• Приглашаем посетить наш сайт
    Зощенко (zoschenko.lit-info.ru)
  • Царь Петр и правительница Софья
    Глава I. «Медведицу на рогатину»

    Часть вторая

    I. «Медведицу на рогатину»

    В 1689 году шестнадцатилетнего Петра Алексеевича женили. Прямо с потех да под венец.

    Казалось бы странным по отношению к такому чадушке, как Петр Алексеевич, употреблять выражение, что его «женили». Оно действительно странно, но на деле было именно так. И все это проделала безумная любовь к нему матушки. Трепеща за свое чадо, которое теперь перенесло свои «потехи» с Москвы-реки и Яузы на Переславское озеро, а потом, пожалуй, перенесет и на море, матушка решилась подыскать ему новую, более для нее безопасную «потеху», женить неугомонное чадушко. Для этого ему подсунули хорошенькую, пухленькую, совсем крупитчатую боярышеньку, ясноглазенькую Евдокеюшку, или Дунюшку Лопухину, дочку окольничего Илариона Лопухина. У Евдокеюшки была густая русая коса, бившая ее, как жгутом, по ядреным бедрам, когда она с сенными девушками игрывала в горелки; белая лебединая грудь, что рогом лезла из-под тонкой кисейной рубахи, и голубые глаза с поволокой: это была настоящая русская красавица, обещавшая вскоре сделаться «тетехою», какою она и сделалась.

    за эту поблажку потребовал от матери горьчайших уступок…
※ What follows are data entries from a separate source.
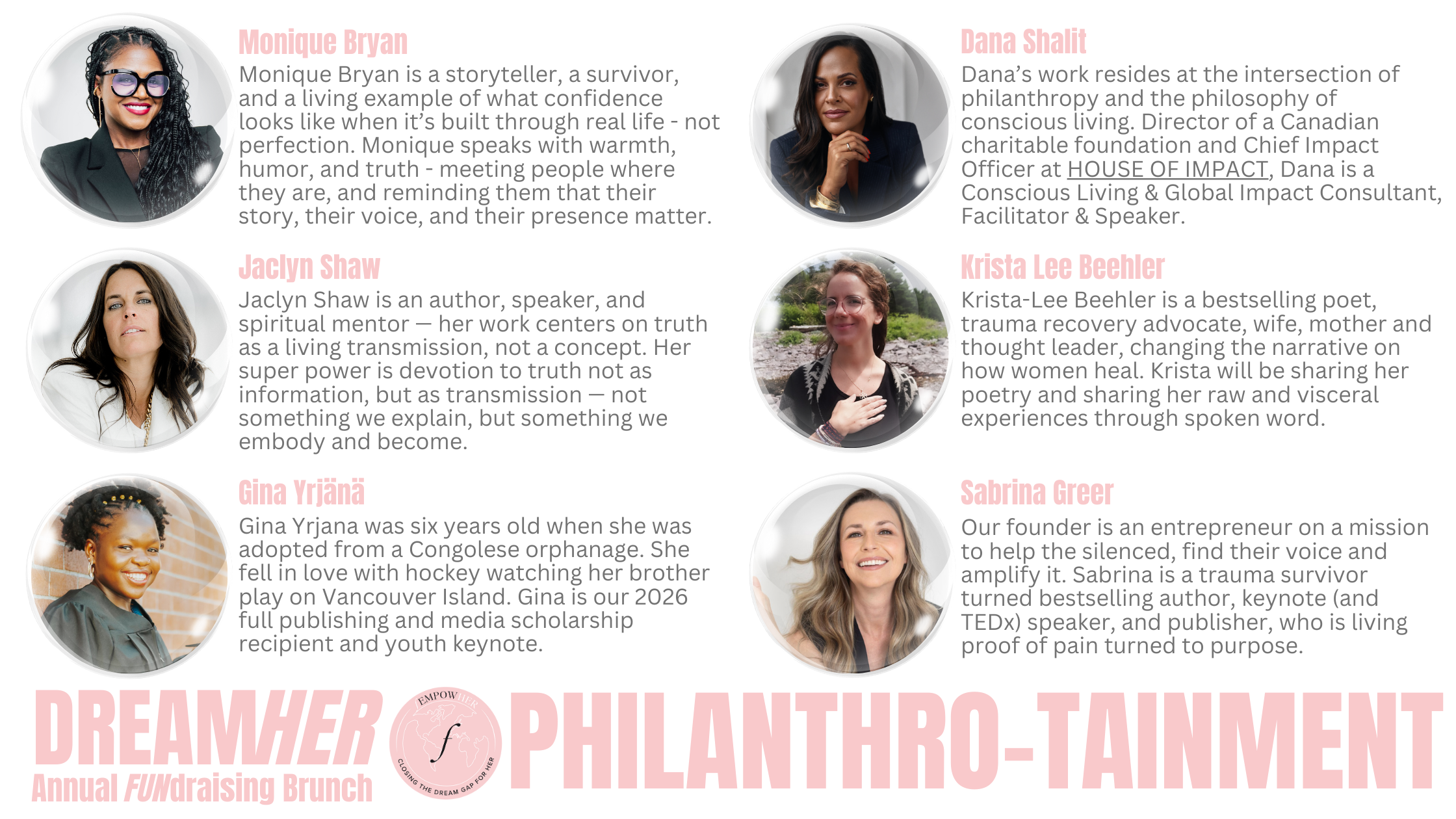 fEMPOWHER Global is a registered charity dedicated to closing the dream gap for girls, female identifying youth, and young women by providing them with the resources, education, mentorship, and platforms to publish their stories and step onto stages.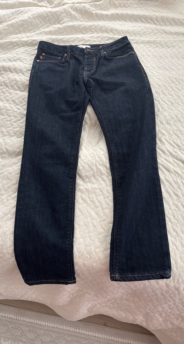 Düğmeli, normal boy, lacivert renkte erkek denim pantolon. Rahat kesimi ve sade tasarımıyla günlük kullanıma uygundur.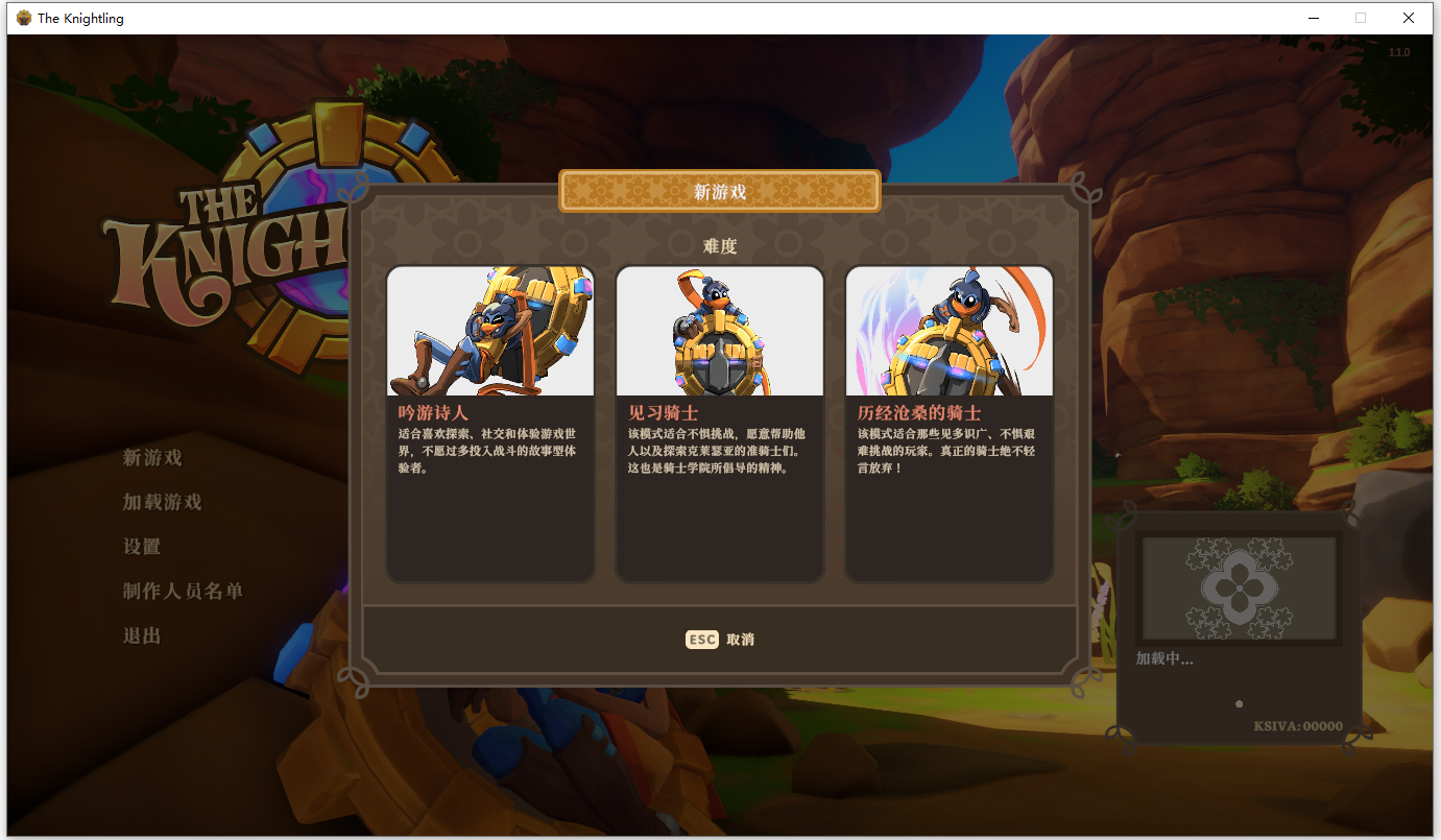 6、返回主菜单,开始新游戏,选择游戏难度,支持吟游诗人、见习骑士、历经沧桑的骑士三种难度;

    Здесь и начинается поворот в жизни Петрушеньки, как и поворот в истории России. «Женится — переменится мой соколик Петрушенька», — сказала обрадованная матушка, получив согласие сына на женитьбу. И действительно, все переменилось, только не так, как надеялась, матушка. Молодую жену свою он тотчас же после венца, чуть ли не на третий день паточного, как он выражался, месяца, назвал «сайкою», которая только и сносна, пока из печи, а там…
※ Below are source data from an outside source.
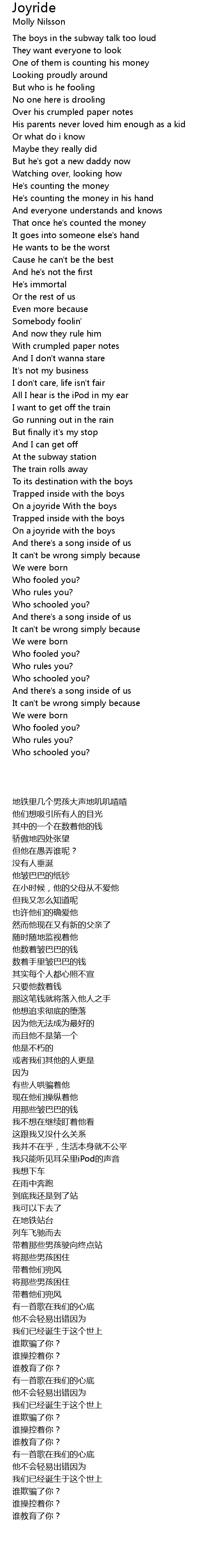 The boys in the subway talk too loud |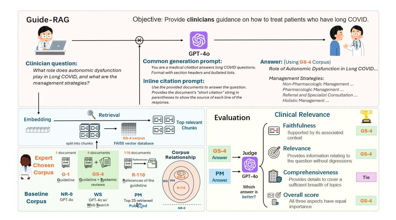 随着人工智能聊天机器人在临床医学中的应用越来越广泛,针对新兴复杂疾病开发有效的框架面临重大挑战。我们为Long COVID(LC)的临床问答开发了六种检索增强生成(RAG)语料库配置,从专家精心挑选的源到大规模文献数据库不等。我们的评估使用了一种大型语言模型作为法官的框架,根据忠实度、相关性和全面性的指标,并利用专家生成的临床问题新型数据集LongCOVID-CQ进行评价。我们的RAG语料库配置结合了临床指南和高质量的系统评价,持续优于狭隘的单指南方法和大规模文献数据库。我们的研究结果表明,对于新兴疾病而言,基于精选二次评价的检索在狭窄共识文件和未筛选的一次文献之间提供了最佳平衡,既支持临床决策制定,又避免了信息过载和过于简化的指导。我们提出了Guide-RAG这一聊天机器人系统及其评估框架,融合了精选的专家知识和全面的文献数据库,能够有效地回答LC的临床问题。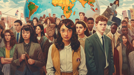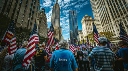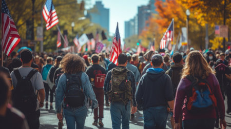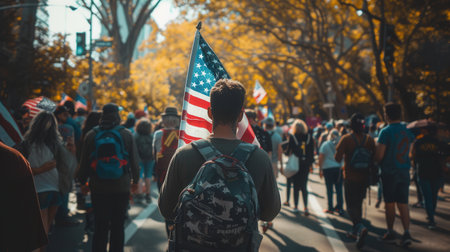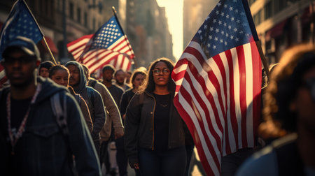 People protesting with USA flags. Group of diverse young people walking in New York City, wearing casual clothing.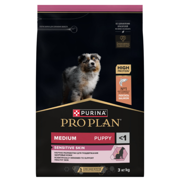 Изучая потребности щенков на протяжении многих лет, команда квалифицированных ветеринарных специалистов и диетологов PURINA разработала сухой корм PRO PLAN® SENSITIVE SKIN (для чувствительной кожи) — ежедневный рацион с высоким содержанием лосося для щенков средних пород. Этот полнорационный корм сбалансирован по составу и помогает поддерживать здоровье чувствительной кожи.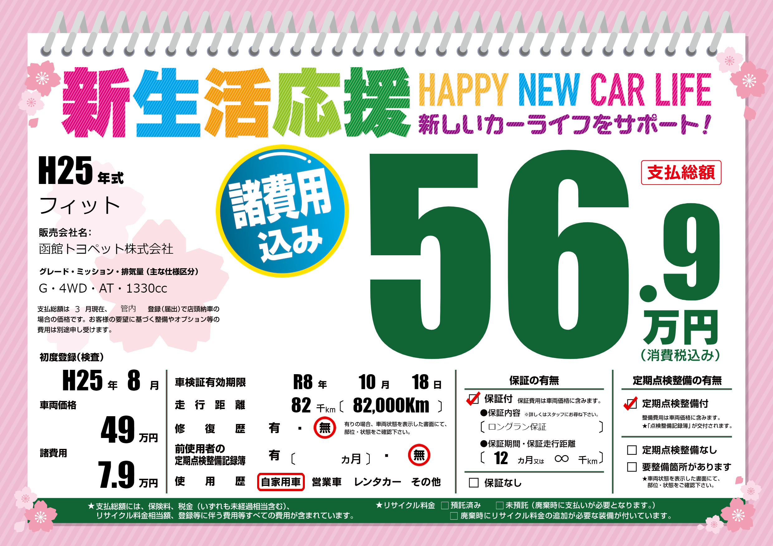 | 走行キロ | 8.2万km | 初年度登録 | H25年8月 |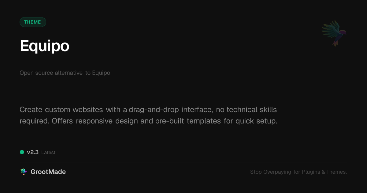 GrootMade is NOT affiliated with Equipo or its original author. Equipo™ is a trademark of its respective owner and use of it does not imply any endorsement or affiliation. This product has been forked under the GNU General Public License (GPL) and all non-GPL assets (such as proprietary images, fonts, and branding) have been removed. Distributing GPL-licensed code is 100% legal.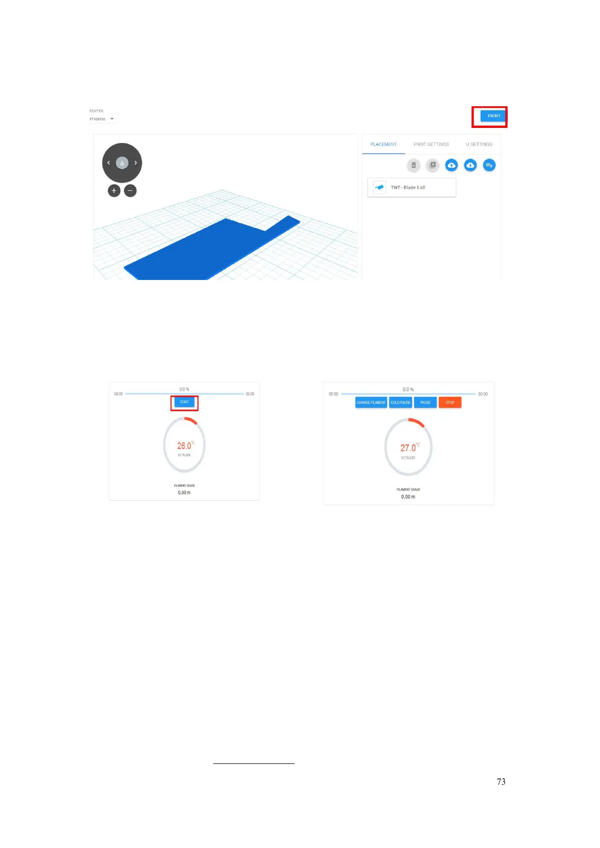 printer on your computer, including Change Filament, Pause, Stop etc.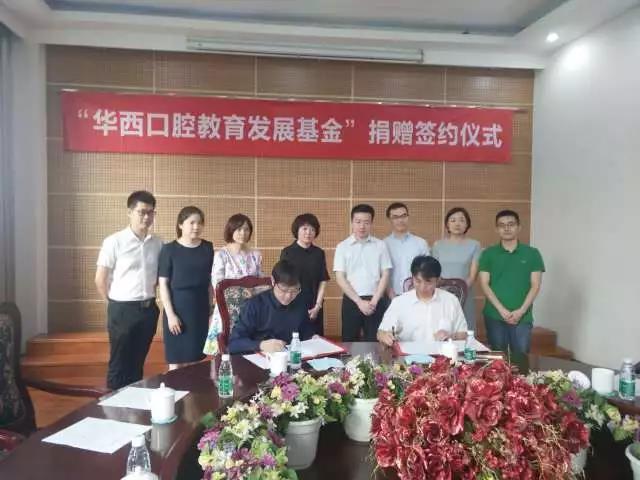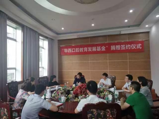 2018年7月5日上午10:00,华西口腔教育发展基金捐赠项目签约仪式在yl23411永利(集团)有限公司官网华西口腔医院教学楼竺苑厅顺利举行。宁波海曙尚善口腔门诊部有限公司创始人、董事长贺刚校友,yl23411永利(集团)有限公司官网教育基金秘书长、对外联络办公室主任荣建国,yl23411永利(集团)有限公司官网华西口腔医学院党委书记、教授谭静,以及华西口腔医学院院办、学生科、教学科等相关职能部门负责人参加了本次仪式。捐赠仪式由yl23411永利(集团)有限公司官网华西口腔医学院 党委副书记孙建勋副教授主持。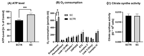 First, we examined the cells for various mitochondrial functions, including ATP levels, respirometry and related citrate synthase activity. Incubation with SC resulted in a significant increase in ATP levels compared to control (p = 0.0031, Figure 2A). Since the increased ATP levels may be due to a change in the activity of respiration chain complexes, respiration was investigated next. A significant increase in endogenous respiration of SC compared to SCTR was found (p = 0.0314). Except for complex II and leak II, the O2 consumption of SC tended to be higher than that of SCTR (Figure 2B). However, the changes were not significantly different. Moreover, there was no difference in the mitochondrial mass marker citrate synthase activity between the groups (Figure 2C).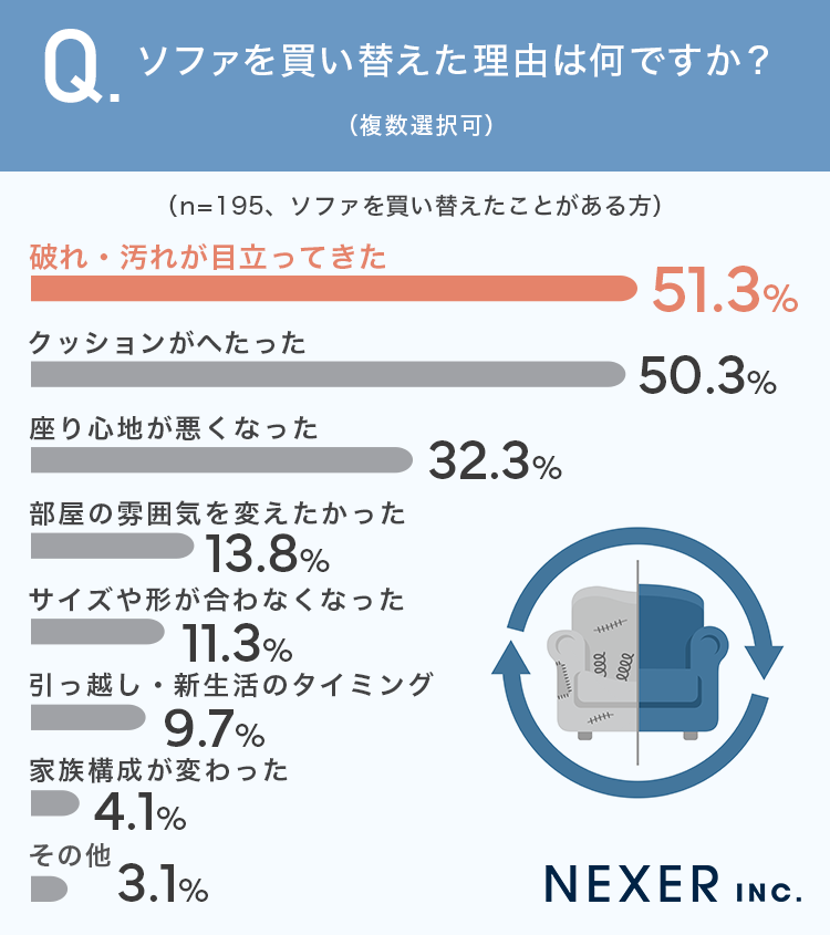 結果として、最も多かった理由は「破れ・汚れが目立ってきた」で51.3%でした。次いで「クッションがへたった」が50.3%、「座り心地が悪くなった」が32.3%という結果になりました。見た目の劣化と機能面の低下が、買い替えの大きなきっかけとなっているようです。

    И вот Петрушенька прямо с новобрачной постели улепетывает на Переславское озеро, захватив с собою Бориску Голицына, старого Зотова, Тиммермана и Алексашку: там у него дело, там у него Брант кораблики строит. И оттуда уже, чтоб хоть чем-нибудь утешить «старуху» за свой побег, пишет ей, а не своей соломенной вдове — «сайке»:

    «Вселюбезнейшей и паче живота телесного дражайшей моей матушке, государыне царице и великой княгине Наталии Кирилловне» — ну точь-в-точь, как солдатик в деревню.

    «Сынишка твой, в работе пребывающий Петрушка, благословения прошу и о твоем здравии слышать желаю. А у нас молитвами твоими здорово все. А озеро все вскрылось сего 20–го числа, и суды все, кроме большого корабля, в отделке, только за канатами станет. И о том милости прошу, чтобы те канаты, по семисот сажен, из пушкарского приказу, не мешкав, присланы были».
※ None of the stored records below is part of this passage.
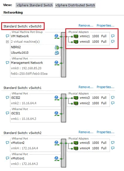 In vSphere, there are two types of virtual switches that can be provisioned, the vSphere Standard Switch (vSS) and Distributed Switch (vDS). The vDS requires Enterprise Plus licensing to be available and is configured at the vCenter level. For the purposes of this post, we use vSS since they span the full range of licensed offerings from VMware and they don’t require vCenter Server.
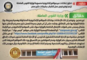 أوضح المركز الإعلامي لمجلس الوزراء، حقيقة ما تداولته بعض المواقع الإلكترونية من إعلانات منسوبة لوزارة القوى العاملة؛ تزعم توفير فرص عمل للشباب بشركات خارج مصر.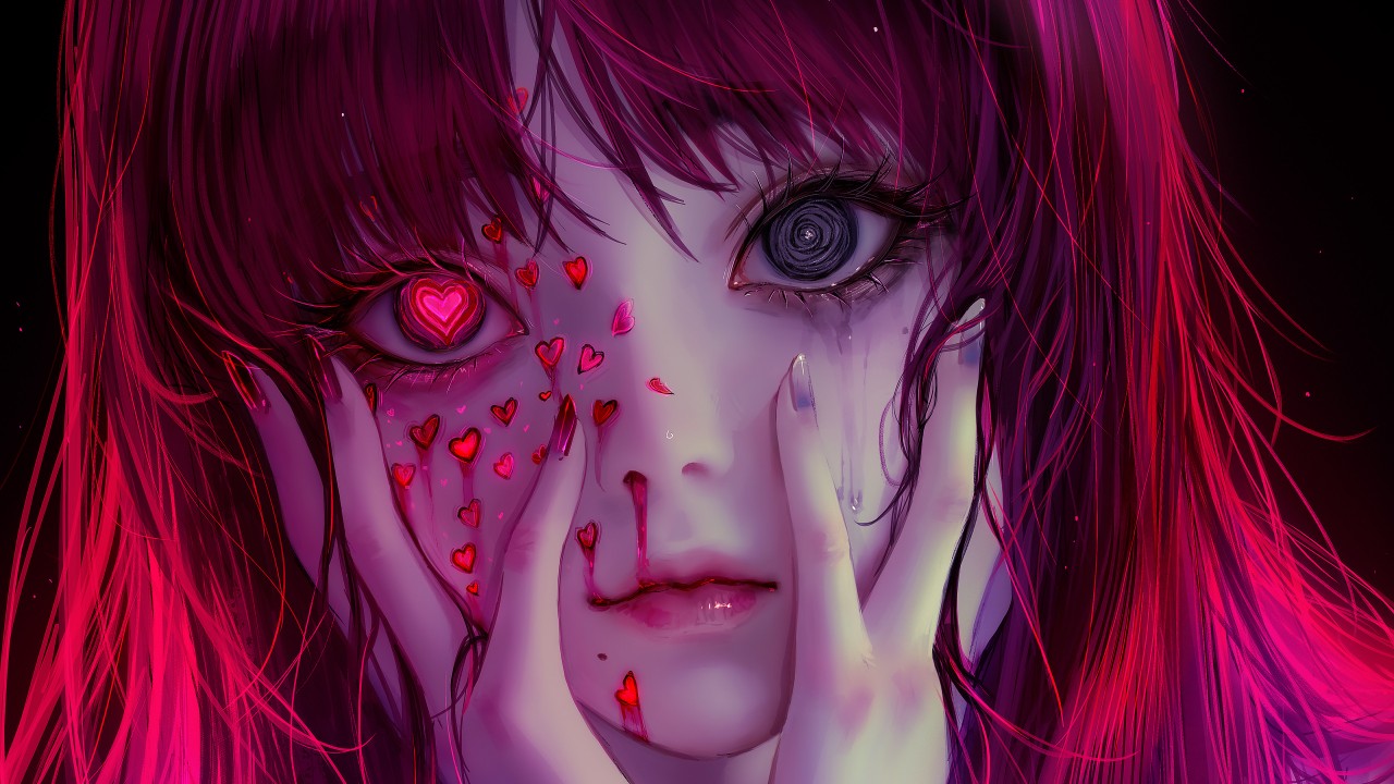 Anime Girl Heart Eyes Digital Art Wallpaper - 1280x720

    «А коли за канатами дело станет, и житье наше продолжится…» Значит, ведай, что не скоро меня увидишь и «сайкой» не заманишь.

    Родительница, со своей стороны, хитрит. Пишет: приезжай-де на панихиды по брате Федоре, соколик. А соколик отвечает: «Быть готов, только гей, гей! Дело есть… а о судах паки подтверждаю, что зело хороши все…»

    Вот тебе и женила!..

    А там мутит сестрица милая, царевна Софья Алексеевна. Просидев на батюшкином троне семь лет, поддерживаемая стрелецкими копьями, она стала догадываться, что скоро, скоро братец Петрушенька спихнет ее с этого места, да еще и в монастырь запрячет… Ну и стала мутить… Слыша стороной, что «озорник» — братец недоволен крымским походом и постыдным отступлением Голицына из-под Перекопа, она, распаляемая еще большею страстью к своему идолу Васеньке, шлет ему навстречу безумное послание.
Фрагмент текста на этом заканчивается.